== Segment start ==

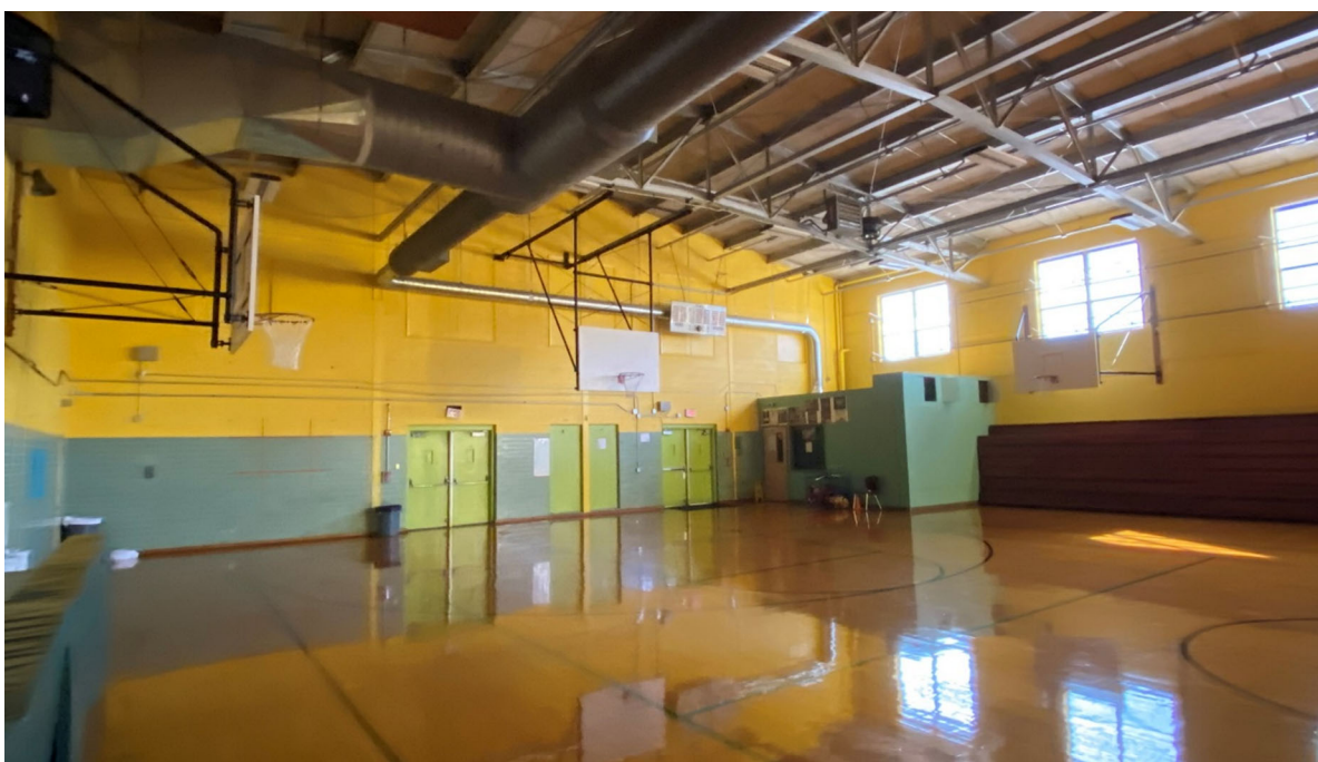
Gym is original to school and has not been updated.
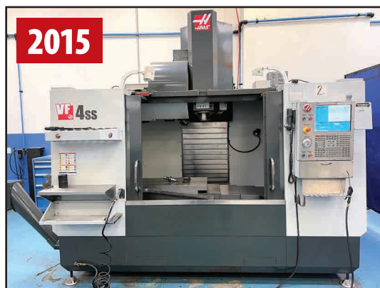
HAAS VF-4SS VERTICAL MACHINING CENTER

ALSO: Large Selection of Tool Room Related Support Assets Including CAT 40 Tool Holders, KURT Vises, Vacuum Plates, Angle Plates, Machine Attachments, Perishable Tooling, Etc.
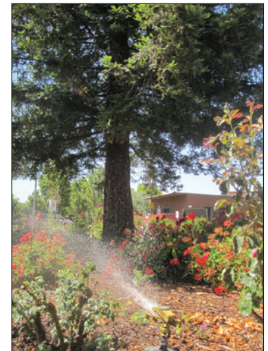
A healthy redwood tree irrigated with recycled water.

Water quality reports, for both potable and recycled water, are typically posted on your Water Retailer's website. Because all water sources vary over time, water is analyzed frequently. If you are currently using South Bay Water Recycling (SBWR) water, test results may be found at www.sanjoseca.gov/sbwr
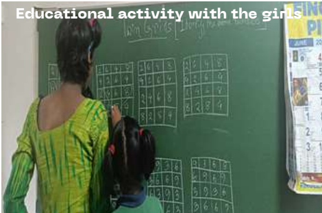
Educational activity with the girls
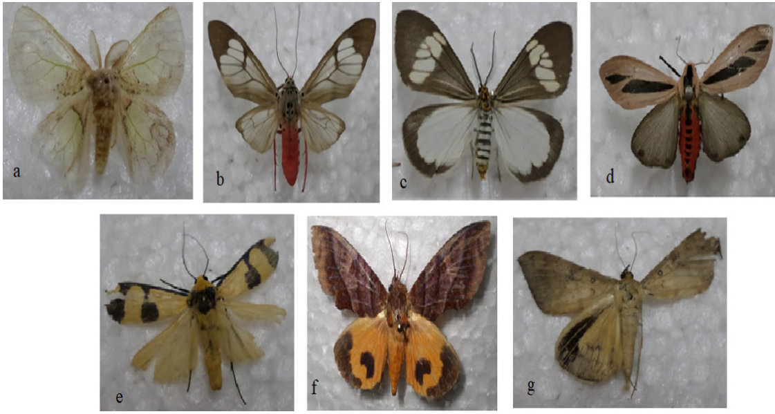
Plate 3. Family Erebidae: Carriola ecnomoda (a) , Amerila (b), Nyctemera baulus (c) Creatonotos gangis (d) Oenistis altica (e), Eudocima sp 1(f), Oxyodes scrobiculata (g)
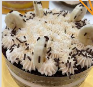
Banutella Chocolate Cake
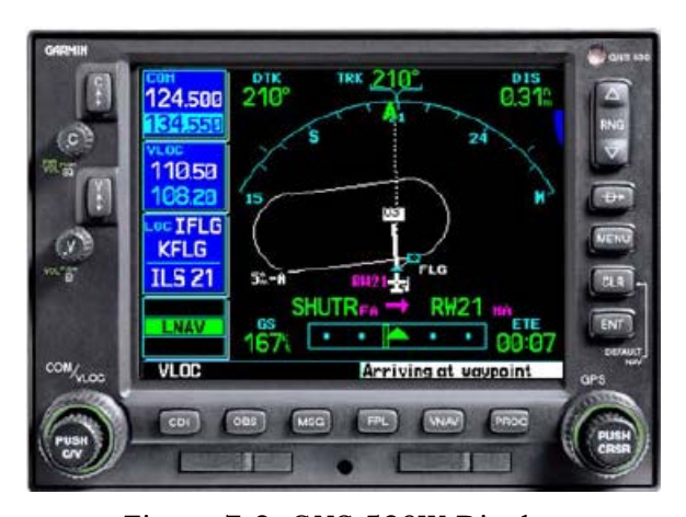
Figure 7-3. GNS 530W Display
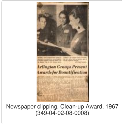
Newspaper clipping, Clean-up Award, 1967 (349-04-02-08-0008)
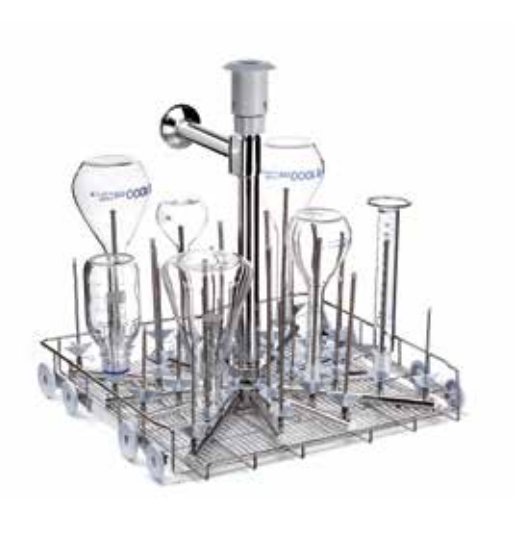
LM40DS Universal narrownecked glassware washing and drying carrier
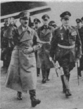
When this picture was taken, Adolf Hitler and Hermann Goering were on their way from the Munich airbase to attend the ceremonial state funeral of the Nazis killed when a bomb went off during the Nazi old-timers' celebration last year. Hitler, who barely escaped with his life then, fled to Berlin, returned two days later for the state funeral.

The Nazi Army, organized to last on the "Fuehrer Principle," when a group of Bols disguised as German high officers obtained the keys to Munich Prison in Berlin last night, and spirited Ernst Thaelman.
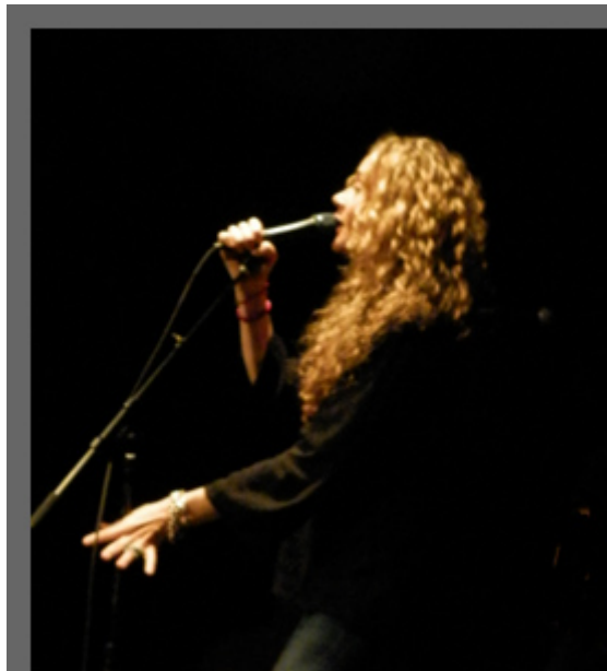
Dana Fuchs - Rocking On

== Segment end ==

** Problem requirements **
Return every entry above word for word, leaving pictures out.

** Solution for this exercise **
Gym is original to school and has not been updated.
HAAS VF-4SS VERTICAL MACHINING CENTER

ALSO: Large Selection of Tool Room Related Support Assets Including CAT 40 Tool Holders, KURT Vises, Vacuum Plates, Angle Plates, Machine Attachments, Perishable Tooling, Etc.
A healthy redwood tree irrigated with recycled water.

Water quality reports, for both potable and recycled water, are typically posted on your Water Retailer's website. Because all water sources vary over time, water is analyzed frequently. If you are currently using South Bay Water Recycling (SBWR) water, test results may be found at www.sanjoseca.gov/sbwr
Educational activity with the girls
Plate 3. Family Erebidae: Carriola ecnomoda (a) , Amerila (b), Nyctemera baulus (c) Creatonotos gangis (d) Oenistis altica (e), Eudocima sp 1(f), Oxyodes scrobiculata (g)
Banutella Chocolate Cake
Figure 7-3. GNS 530W Display
Newspaper clipping, Clean-up Award, 1967 (349-04-02-08-0008)
LM40DS Universal narrownecked glassware washing and drying carrier
When this picture was taken, Adolf Hitler and Hermann Goering were on their way from the Munich airbase to attend the ceremonial state funeral of the Nazis killed when a bomb went off during the Nazi old-timers' celebration last year. Hitler, who barely escaped with his life then, fled to Berlin, returned two days later for the state funeral.

The Nazi Army, organized to last on the "Fuehrer Principle," when a group of Bols disguised as German high officers obtained the keys to Munich Prison in Berlin last night, and spirited Ernst Thaelman.
Dana Fuchs - Rocking On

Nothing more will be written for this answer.